Who’s the Boss?
I am fearfully and wonderfully made. All of us are, and every part of every one of us is. Kind of reminds me of a joke …
One day, all the parts of the body were talking about who was most important.
THE BRAIN SAID – “Since I control everything and do all the thinking, I am the most important therefore I should be boss.”
THE FEET SAID – “Since I carry him everywhere he wants to go and get him in position to do what the brain wants, I am the most important.”
THE EYES SAID – “Since I must look out for all of you and tell you where the danger lurks, I an the most important body part.”
THE HANDS SAID – “Since I do all the work and earn all the money to keep the rest of you going, I am the most important.”
Of course, everyone got into the arguments and the heart, lungs, and ears all say the same thing.
Finally, the asshole spoke up and pointed that he was the most important even though the others didn’t know it. All the other laughed and laughed to think of an asshole being boss.
The asshole decided to prove the point and refused to function. Blocked up tight.
Soon the brain was feverish, the eyes crossed and ached, the feet were too weak to walk, the hands hung limply at the sides, and the heart and lungs struggled to keep going.
All pleaded with the asshole to relent and agreed that the asshole was the most important and so it happened.
Moral of the Story: You don’t need a brain to be a Boss——any asshole will do.
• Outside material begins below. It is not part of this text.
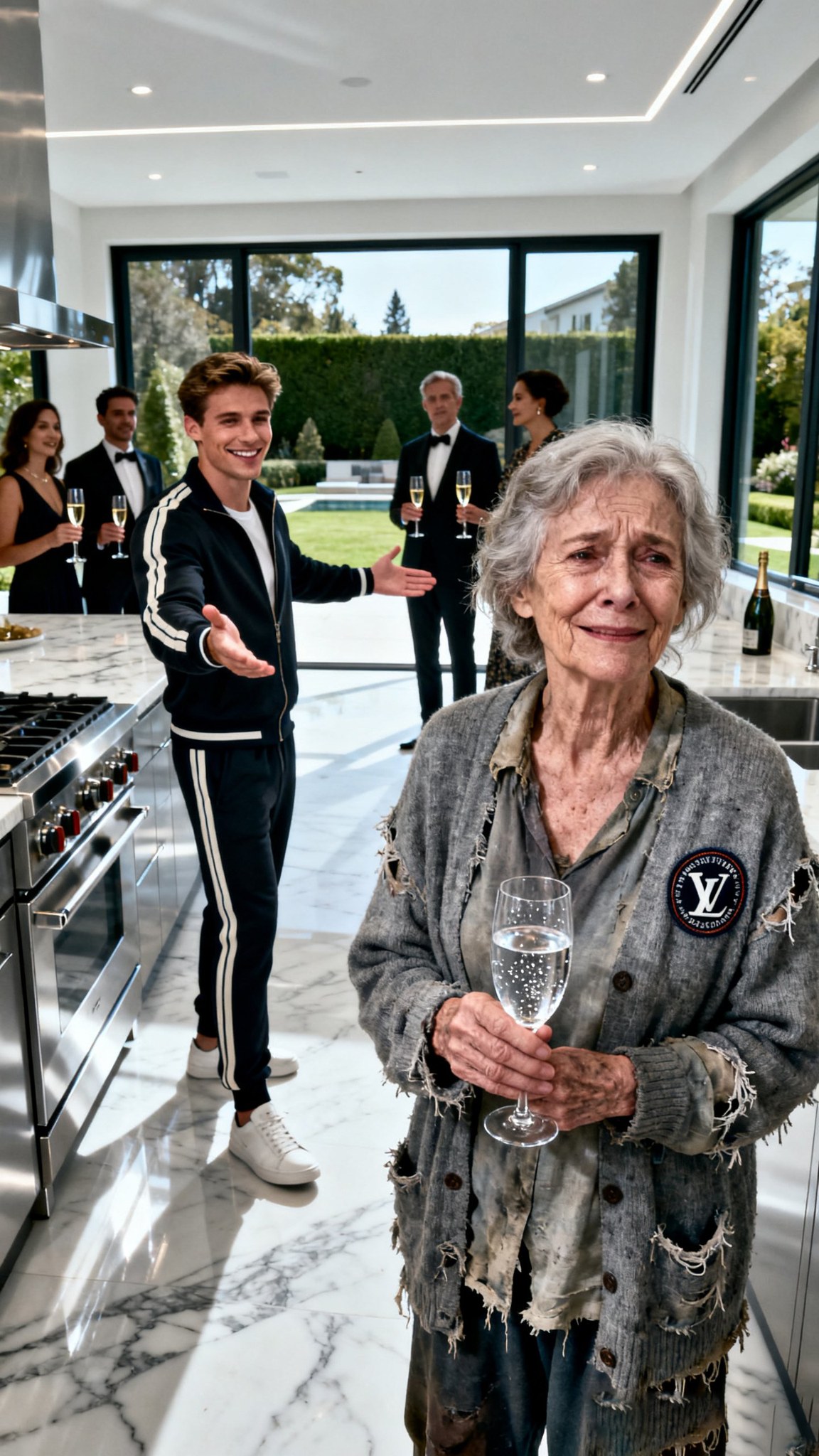 Stałem jak sparaliżowany w pokoju gościnnym, a moja zniszczona walizka wciąż leżała otwarta na łóżku. Głosy rozlewały się po domu mojego syna niczym woda przebijająca się przez pękniętą tamę – śmiech, ostry brzęk drogich kieliszków do szampana, rytmiczne staccato markowych obcasów stukających o marmurowe podłogi.

About a month ago I got the result of a Cologuard test. It was positive. So my doctor urged me to meet with a gastroenterologist and have a colonoscopy. That occurred this past Friday. Turns out the Cologuard result was a false positive—apparently, they always show up positive once you’ve had polyps, which I’d had 7 years ago.
I wasn’t aware of how much that had been weighing on me until I noticed a marked increase in joy and gratitude, and a marked decrease in crotchetiness. I was even inspired by the multiple pictures I received of my innards, fascinated by the almost Georgia O-Keefe-ness of them. They were beautiful in a weird sort of way. Fearfully and wonderfully made. I texted them to my brother and joked that I might get one of them blown up, framed, and hung on my living room wall. “Disgusting” was his reply. He’s entitled to his opinion, of course. But he’s not the boss of me.